Quote:Original post by Driv3MeFar
Quote:Original post by Muse
Quote:Original post by Oluseyi Source code is an intermediate product, not an end result, so comparing source code to buildings is wrong. Correcting that analytical error, it becomes clear that the parallels between software development and other engineering disciplines are very strong. So I'm going to have to stand by my original statement: software development is a young and primitive discipline. |
I continue to disagree. Source code is the final product of the software engineer. There is no need to extend this discussion to the trivial final step of converting that source code into machine instructions; that is not a human job, and we are discussing humans here. |
I don't think so. Code is a means to and end; ultimately, the goal is an application which can be used by your customers. They don't care what your code looks like, and in most cases you're not selling code, you're selling the final application built from that code. |
Not only that, but the quality of source code is not directly proportional to the quality of the resulting software artifact. Thousands of software developers write ugly, hard to read/maintain code that yields efficient, pleasurable use to customers.

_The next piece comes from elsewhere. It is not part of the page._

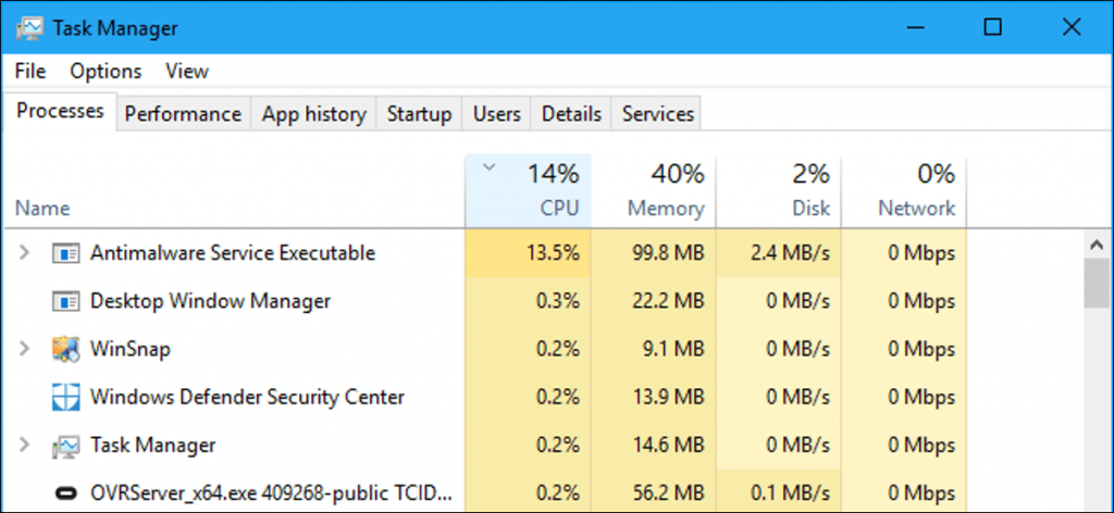 Antimalware Service Executable işleminin büyük miktarda CPU veya disk kaynağı kullandığını görürseniz, muhtemelen bilgisayarınızı kötü amaçlı yazılımlara karşı taramaktadır. Diğer virüsten koruma araçları gibi, Windows Defender da bilgisayarınızdaki dosyaları arka planda düzenli olarak tarar.

Plus, a software developer's job is not done until the source code produced has been proven to translate into object/machine code and software artifacts/behaviors in desired fashion. If the result of a "mere translation step" is the arbiter of the quality/completion of your work, then that result
is your product.
Quote:Original post by Muse
Quote:Original post by Oluseyi Blueprint -> building : immense amount of labor UML diagram -> software artifact : immense amount of labor |
You've juxtaposed the work necessary to transmute a blueprint into a bridge to that necessary to transmute a UML diagram into a complete software project, implying that they're the same sort of thing. But are they? |
You've arbitrarily selected the large task of converting a blueprint into a bridge, as opposed to the proportionally smaller yet semantically and conceptually identical task of, say, converting a blueprint into a table for mass production at IKEA. I see right through that, so, to answer your question, yes, they're the same sort of thing.

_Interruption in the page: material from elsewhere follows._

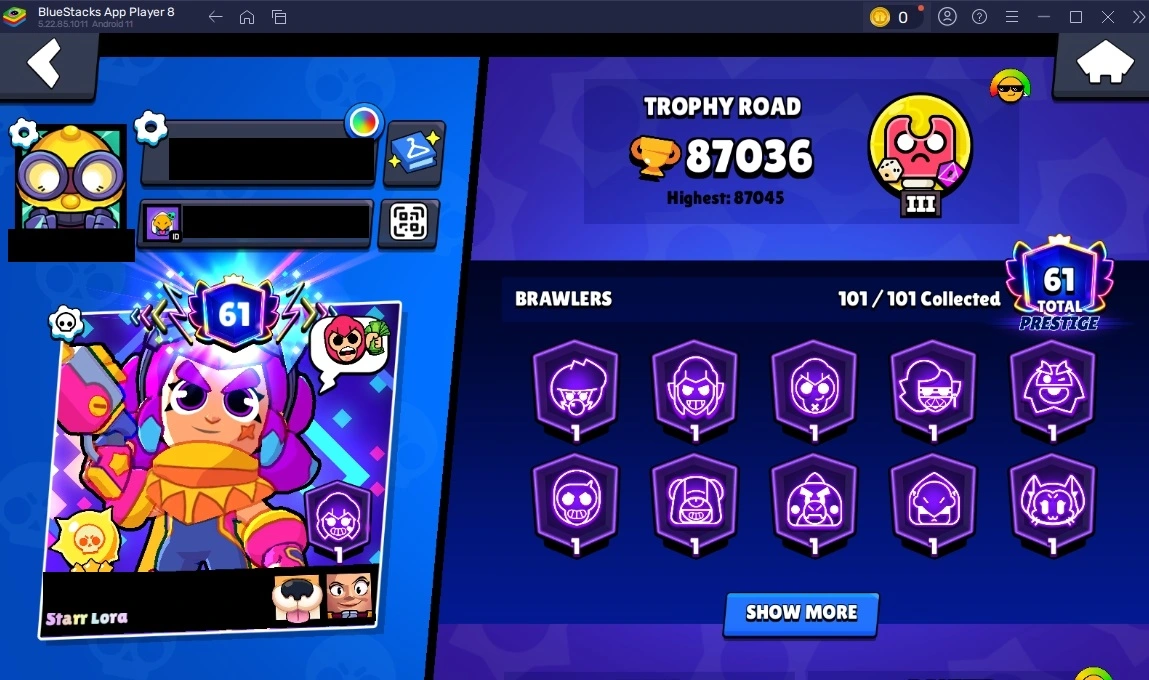 362 SKINS ⭐ 87.000 TROPHY ⭐ 101 BRAWLERS ⭐ 48 HYPERCHARGED ⭐ 55 MAXED BRAWLERS ⭐ 61 PRESTIGE ⭐ 23 BUFFIES ⭐ EGG PAM ⭐ DARK LORD SPIKE ⭐ IMPIE COLETTE ⭐ BANANAS COLT ⭐ DJ POCO ⭐ LEGENDARY ⭐ 80K

Quote:Another way of reiterating my argument: If you wrote a software project design sufficiently precisely (to use your own term), that no more design decisions needed to be made, then the blueprint you wrote would be the software. This is why I can't stomach the argument that programmers are fungible: for them to do useful work they need a certain creativity and a certain perspicacity, which needless to say differentiates them. |
The blueprint would be the software prior to a translation step requiring no creative input. If the form of that blueprint is machine comprehensible, then, yes, it's the software - compile away. But it typically isn't, which is why we need "coders".
For the record, I never said programmers were fungible. I said
coders were. (Go back and re-read my post.)
Quote:Original post by Jerax
Quote:Original post by Oluseyi Don't blame me because you have an arbitrarily abstract notion of what constitutes a "design." The fact remains that if you provide sufficiently precise instructions, a team of interns can write Halo 4 (or whatever passes for a superlative example for you). |
I disagree. If the McFood example teaches us anything it's that if you give precise instructions to a bunch of monkeys you get mediocre product. |
This "insight" is predicated on the assumption that the only variable in final quality is the quality of the instructions, not the quality of the ingredients or any intermediate steps such as flash freezing and reconstitution.
Given your lack (and, honestly, it's not your fault; I'd be asking the impossible) of control for these other variable factors, I have to view your disagreement as irrelevant to the analysis of the consistent procedural outcomes under investigation.
Quote:There's also significant evidence that small teams are a lot better than large (go read The Mythical Man Month if you're in doubt). Small teams mean each member has to do more which means you need a team made of the best people, not a huge farm of monkeys. |
That's just bad reasoning. First of all, nothing states that you need many monkeys. If you have one or two designers who can provide sufficiently precise instructions in an efficient manner, you may only need as many monkeys - or even fewer - to follow the instructions and yield the output artifact. Frankly, we're in the realm of pure speculation here.
Quote:Also, I think Muse makes a valid point - software is a lot more complex than making a burger or building a house. |
I call total and utter bullshit.
Simple software is no more complex than a simple burger, and probably less complex than a simple house. Monumentally sophisticated software is probably still not as complex as a skyscraper (consider every aspect of a full functional skyscraper - HVAC, security, communications, electricity, structural integrity, service access, etc, etc, etc). In other words, your contention is merely software developer ego - particularly common with game developers, who like to tell themselves that games are the most complex type of software. Who cares, really?
Again, you've only substantiated my contention that software development is a young and primitive discipline: other disciplines have learned to specify rigidly abided interfaces that enable specialization and knowledge/component reuse. Have you ever thought about the complexity of a house down to the level of the screws and mounting brackets inside your wall switch? Architects don't specify to that level; at some point they hand responsibility over to electricians and plumbers and HVAC engineers, etc. Software, primitive discipline that it is, too often requires that the entire infrastructure be essentially "hand fabricated" - including, in some instances, the tools for component fabrication.
Take a critical look at what you actually do.